WINNIPEG — CancerCare Manitoba is consolidating its outpatient services in Winnipeg by going from six units to four.
CancerCare says it’s in the best interests of patients as it will allow the agency to provide higher quality care, but the move isn’t sitting well with some patients.
Signe Armstrong goes to CancerCare Manitoba every four weeks as part of her continued treatment after going through breast cancer, but her routine has had to change.
“Patients were given a letter saying that Seven Oaks was closing because of COVID, so it would be temporary, and now we’ve found out that it’s permanent, and they’re closing the Concordia CancerCare unit, so there is no CancerCare unit in the north of town,” she says.
The same thing happened to Susan Mulvaney, only she was moved to CancerCare at Victoria General Hospital.
“Even though it’s only 30 minutes, and I’m grateful that it’s still available in the city, of course, but you feel safer when you’re close to home,” she says.
“It made a difference to me.
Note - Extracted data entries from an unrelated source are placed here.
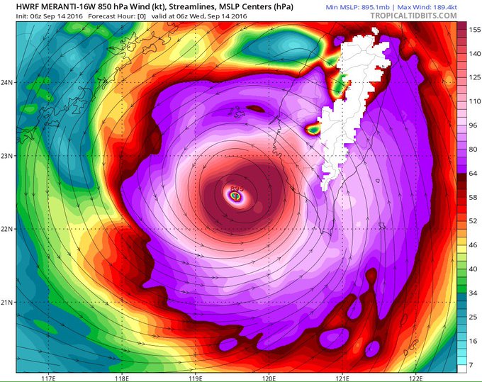 #Meranti is one of the strongest storms on earth with more than 200mph winds (190kt) as a Cat 6 hurricane scale.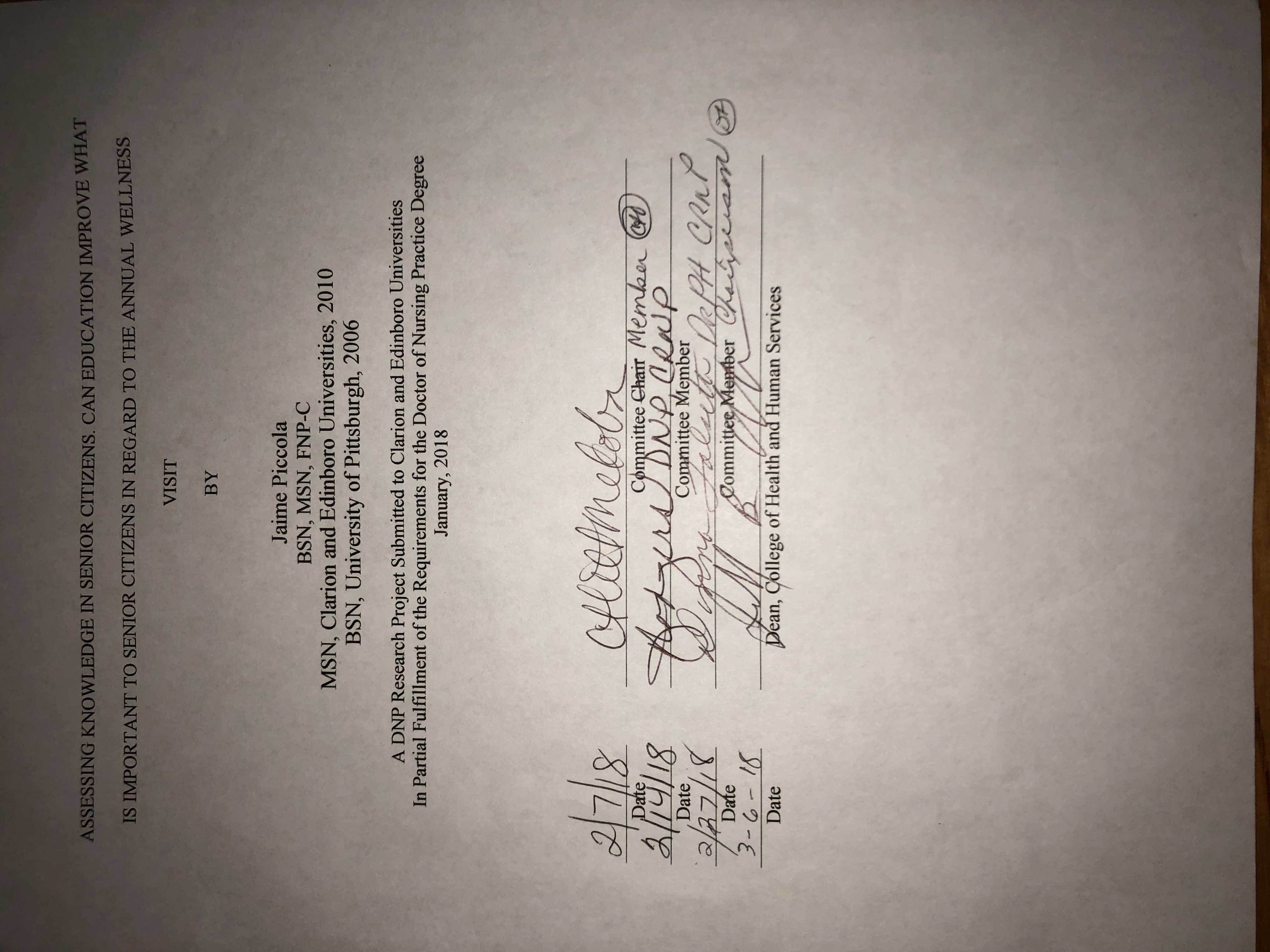 Assessing Knowledge in Senior Citizens Title Signature Page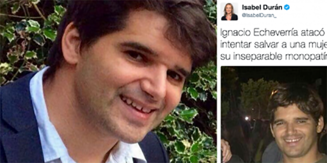 Hoy con la muerte de Ignacio Echevarría, yo me pregunto, dónde están todas esas feministas, menuda representación para las mujeres, decía que dónde están, porque las recuerdo que Ignacio murió por defender a una mujer de morir a manos de estos bárbaros, pero no van a decir nada, como tampoco lo van a decir sus colegas de los partidos de extrema izquierda, esta es la lacra y el lastre que sufrimos en España y luego se creen que pueden dar lecciones de moralidad.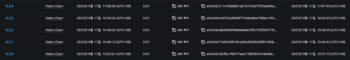helm push *-<version>.tgz oci://ECR 주소/그러면 아래 이미지 처럼 ECR에 Helm Chart 가 생기게 됩니다.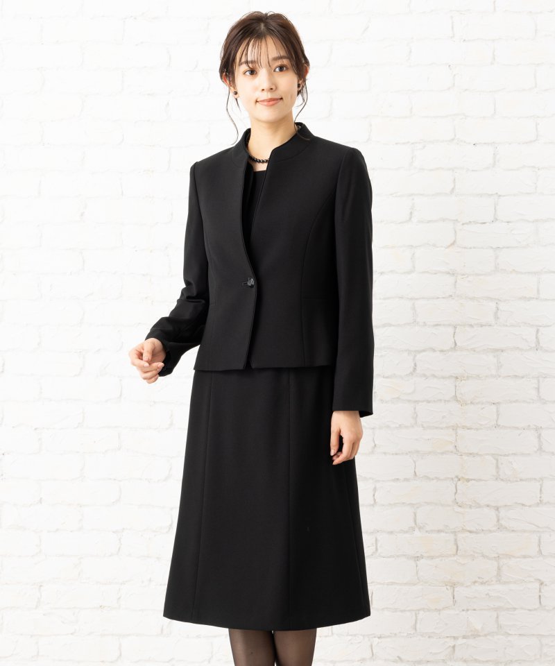 スタンドカラーで肌見えを抑えてエレガントに。キーネックデザインの襟元からウエストにかけてほどよくシェイプされすっきりと着て頂けるアンサンブルです。喪服ながら、スーツの延長で着て頂ける都会的でスタイリッシュなシルエットが特徴。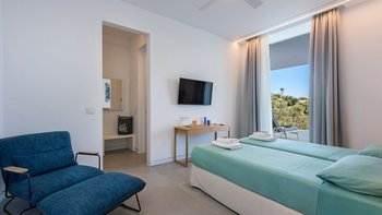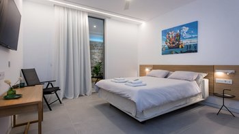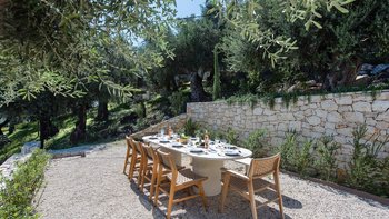 Das Benessere Rock House glänzt wirklich mit seinen unglaublichen Außenbereichen, die mit Sitzbereichen und Sonnenliegen geschmückt sind. Der Hauptpool ragt zum Wasser hinaus und bietet ein unvergleichliches Badeerlebnis mit dem Ionischen Meer als Kulisse. Mehrere Terrassen und Liegebereiche sind strategisch platziert, um das Beste aus dieser spektakulären Aussicht zu machen, egal ob Sie sich sonnen, ein frisches Essen im Freien genießen oder einfach nur mit einem Buch entspannen. Besonders hervorzuheben ist der Essbereich im Freien, der einen sonnenverwöhnten Ort für unvergessliche Mahlzeiten in einer Küstenumgebung bietet. Während das Benessere Rock House als Ihre eigene private Oase dient, ist es auch günstig gelegen, um die vielen Reize Korfus zu erkunden. Der malerische Strand von Kerasia ist nur einen Steinwurf entfernt und die pulsierenden Städte St. Stephanos und Kassiopi mit ihren Tavernen und Geschäften sind leicht zu erreichen, so dass Sie während Ihres Aufenthalts das Gute aus beiden Welten erleben können.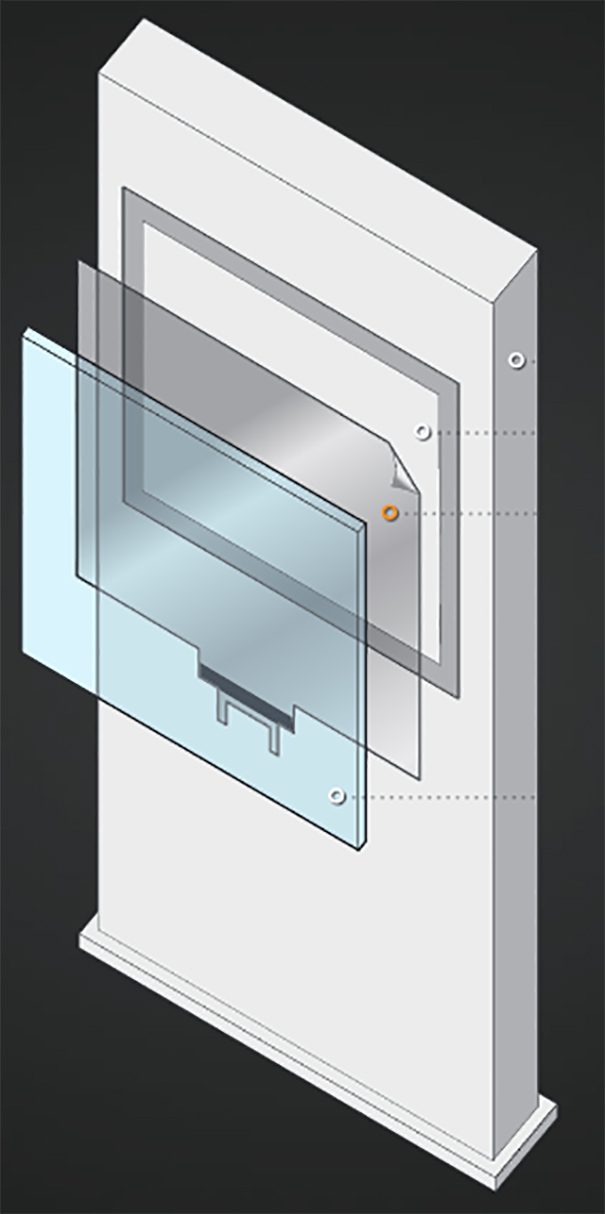 La máquina VE Connect está diseñada con una pantalla táctil que ha sido recubierta por la solución de Visualplanet. Touchfoil es una lámina táctil transparente de micrones que es fácil de instalar que es fácil de instalar y puede ser aplicada directamente a una ventana o pantalla con objeto de crear una experiencia totalmente interactiva, y en el caso de la máquina que se expone en ISE se quiere crear una experiencia de compra dinámica y personalizada. その上, los sensores se encuentran instalados en la parte posterior del cristal, pero se encuentran protegidos para soportar espacios de gran audiencia como es una feria.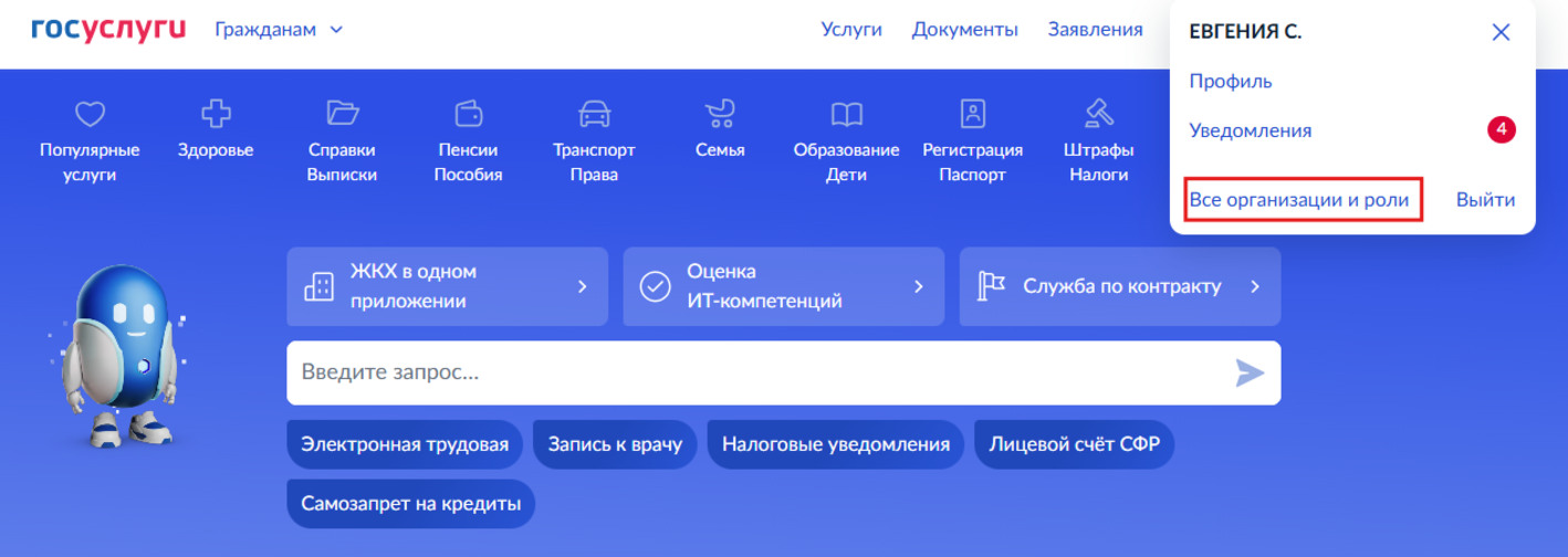 Зарегистрируйте на Госуслугах фирму: нажмите на кнопку с инициалами в правом верхнем углу, далее перейдите в раздел «Все организации и роли»

I felt like I was in my community.”
In September, CancerCare Manitoba announced it would be consolidating its outpatient services in Winnipeg, meaning patients who go to Seven Oaks or Concordia would have to go to one of the other locations.
CancerCare says the decision was not an easy one, but that it is in the best interest of patients.
“The core principle of high-quality care is a multi-disciplinary model where medical, radiation, and surgical oncologists, along with specialty disciplines, come together to provide a comprehensive treatment plan for patients. This will more easily occur post-consolidation,” CancerCare says.
NDP MLA Nello Altomare, who has also battled cancer, is questioning why this is happening during a pandemic.
“I think when you consolidate, and make it more difficult for people to access, it’s going to be a big problem, and what we have now is a government that’s not matching the commitment of Manitobans,” Altomare says.
Darlene Jackson, president of the Manitoba Nurses Union, says CancerCare nurses are deeply committed to their patients.
“Providing services at community hospitals allows them to really develop close relationships with their patients, and more importantly, helps keep those services accessible for those patients,” she says.
Both Armstrong and Mulvaney agree this move is adding stress to people already dealing with very stressful situations.
“It’s just a whirlwind, and being close to home, having the ease of finding someone to drive me, for a seven minute drive, and they can go home or whatever and then come back and get me,” Mulvaney says.
Armstrong added that it must be particularly difficult for those going through chemotherapy.
“For people who are still going through chemo like I did last year, this must be completely overwhelming. Where you get your chemo matters because it is so debilitating and so difficult,” she says.
CancerCare Manitoba says the consolidation is still on schedule for December.
A petition has been started to reverse the consolidation.